▶ [Data excerpts]:
• • •
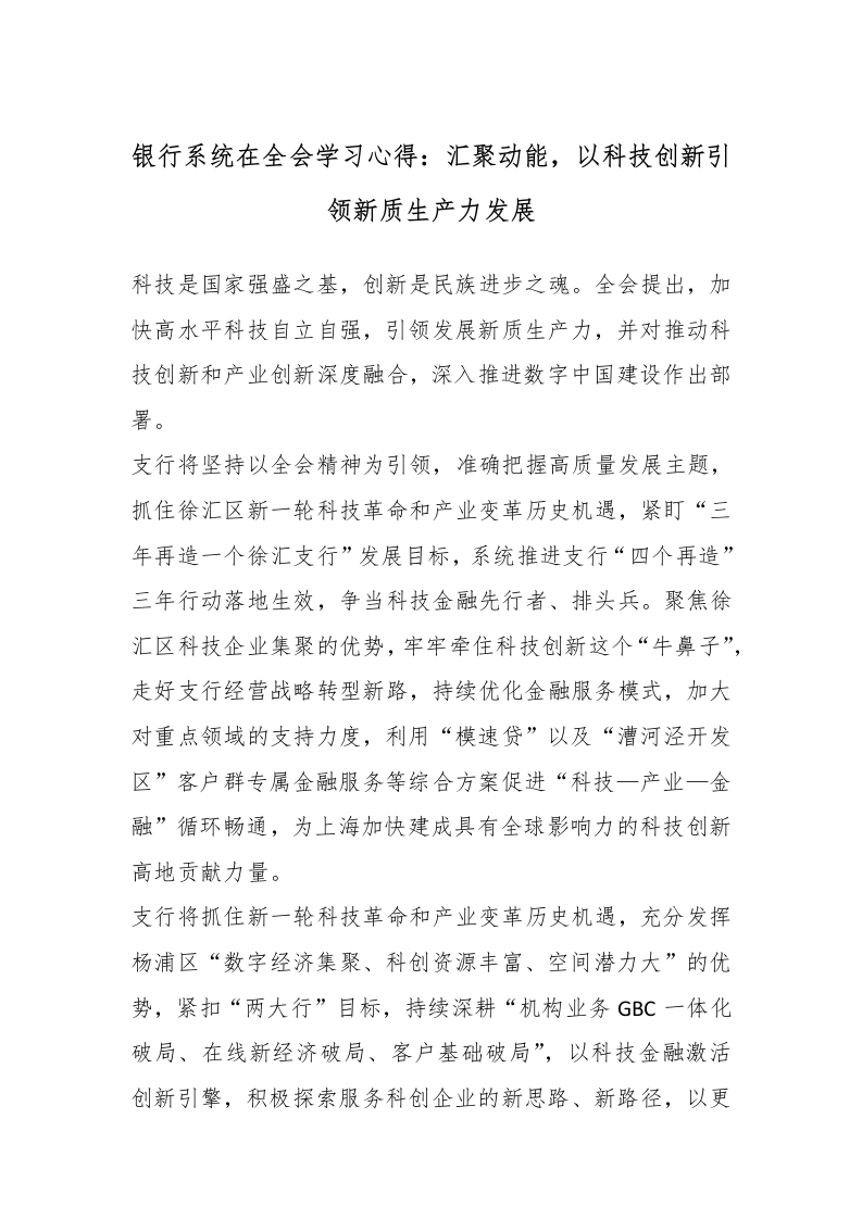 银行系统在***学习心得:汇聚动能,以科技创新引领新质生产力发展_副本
• • •
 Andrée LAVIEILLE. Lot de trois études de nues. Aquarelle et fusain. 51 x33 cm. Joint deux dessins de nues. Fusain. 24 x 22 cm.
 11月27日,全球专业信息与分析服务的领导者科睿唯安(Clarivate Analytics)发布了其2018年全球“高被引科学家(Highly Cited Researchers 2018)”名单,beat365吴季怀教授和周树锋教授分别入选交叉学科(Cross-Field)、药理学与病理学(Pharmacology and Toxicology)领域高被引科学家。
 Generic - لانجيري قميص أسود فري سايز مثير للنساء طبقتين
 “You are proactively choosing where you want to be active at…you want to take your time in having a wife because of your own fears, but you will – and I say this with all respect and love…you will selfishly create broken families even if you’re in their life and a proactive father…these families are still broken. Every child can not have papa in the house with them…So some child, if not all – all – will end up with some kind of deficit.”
• • •
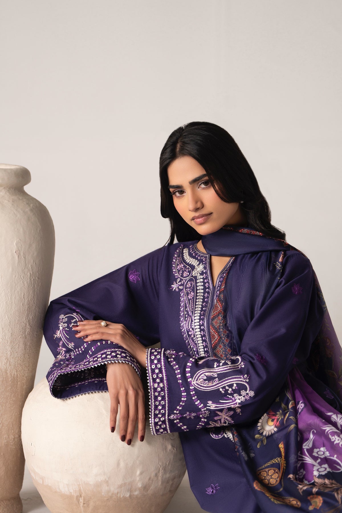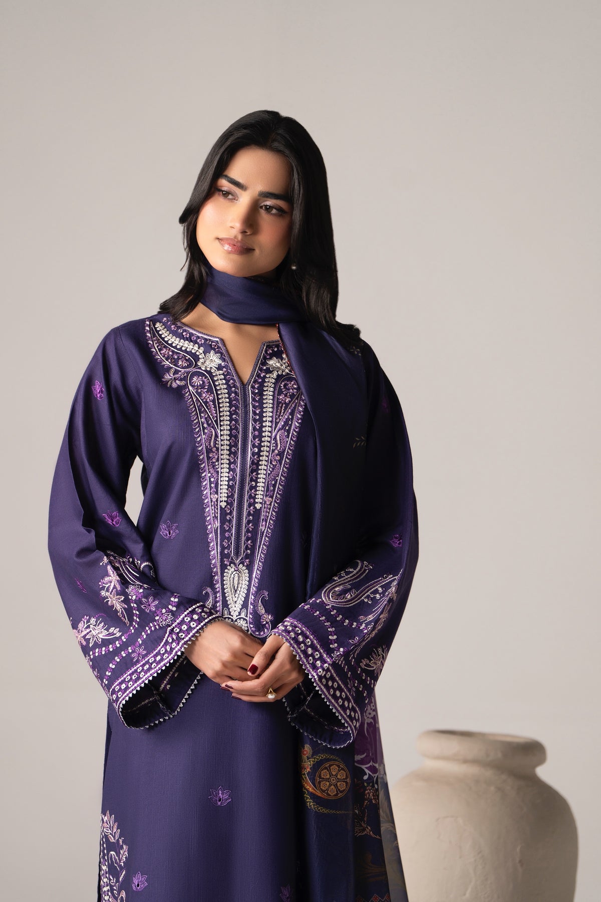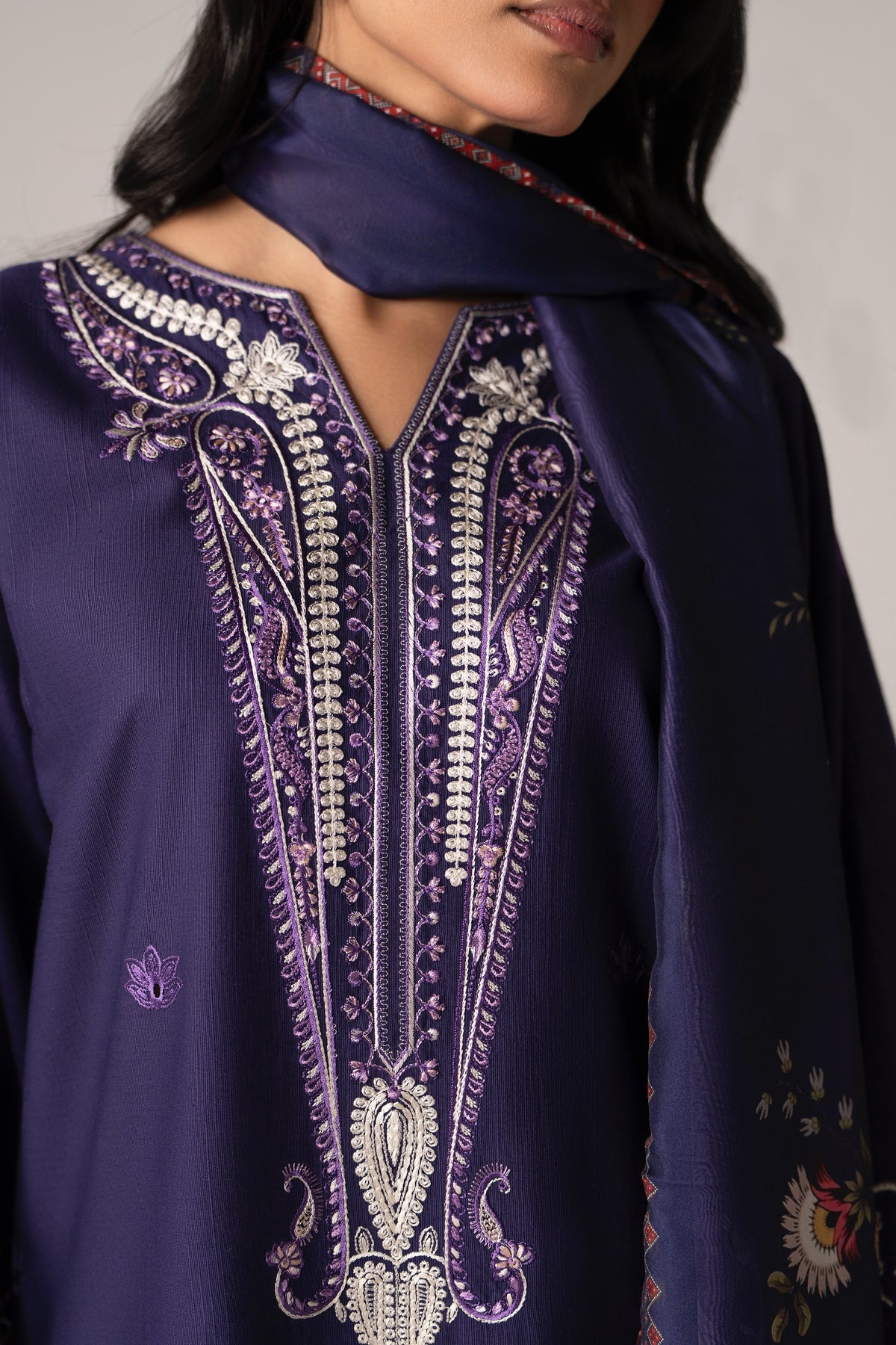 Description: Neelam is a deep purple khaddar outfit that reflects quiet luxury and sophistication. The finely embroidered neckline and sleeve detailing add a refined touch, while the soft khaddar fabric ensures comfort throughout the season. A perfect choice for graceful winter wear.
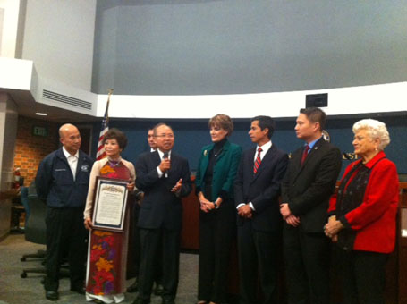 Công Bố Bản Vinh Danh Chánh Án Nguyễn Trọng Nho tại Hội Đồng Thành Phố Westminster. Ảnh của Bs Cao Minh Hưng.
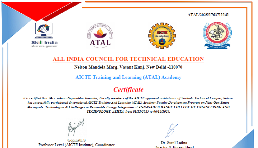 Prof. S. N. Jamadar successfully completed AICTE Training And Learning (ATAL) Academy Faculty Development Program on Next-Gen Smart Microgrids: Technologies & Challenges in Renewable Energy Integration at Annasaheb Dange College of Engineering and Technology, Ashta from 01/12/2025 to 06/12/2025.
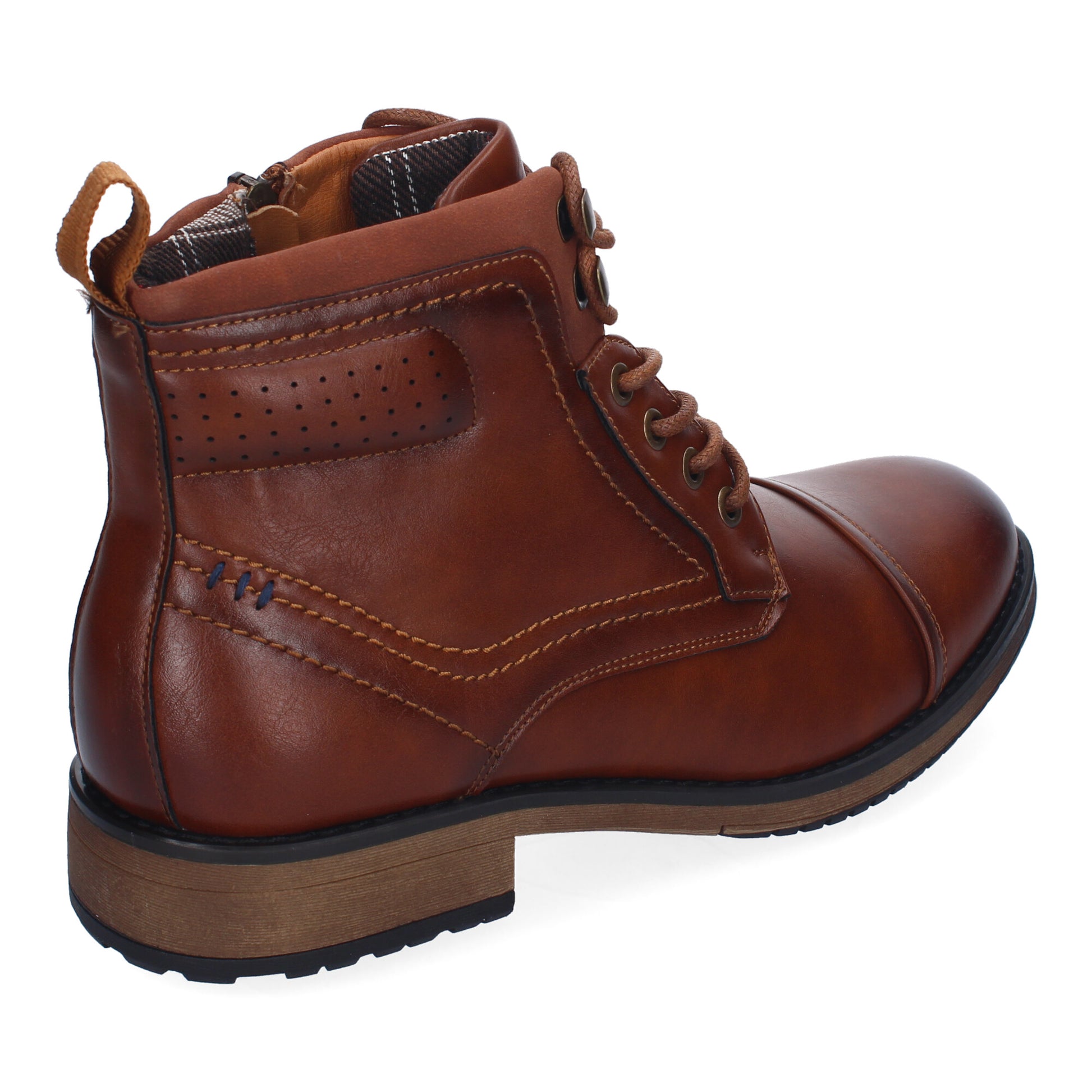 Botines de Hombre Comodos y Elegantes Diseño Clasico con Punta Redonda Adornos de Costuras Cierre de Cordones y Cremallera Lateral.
• • •
▶ [Your objective]: Reproduce the data above exactly, but only from the line containing "Prof. S. N." through the line containing "Botines de Hombre"; skip the pictures.

▶ [Exercise output]:
 Prof. S. N. Jamadar successfully completed AICTE Training And Learning (ATAL) Academy Faculty Development Program on Next-Gen Smart Microgrids: Technologies & Challenges in Renewable Energy Integration at Annasaheb Dange College of Engineering and Technology, Ashta from 01/12/2025 to 06/12/2025.
 Botines de Hombre Comodos y Elegantes Diseño Clasico con Punta Redonda Adornos de Costuras Cierre de Cordones y Cremallera Lateral.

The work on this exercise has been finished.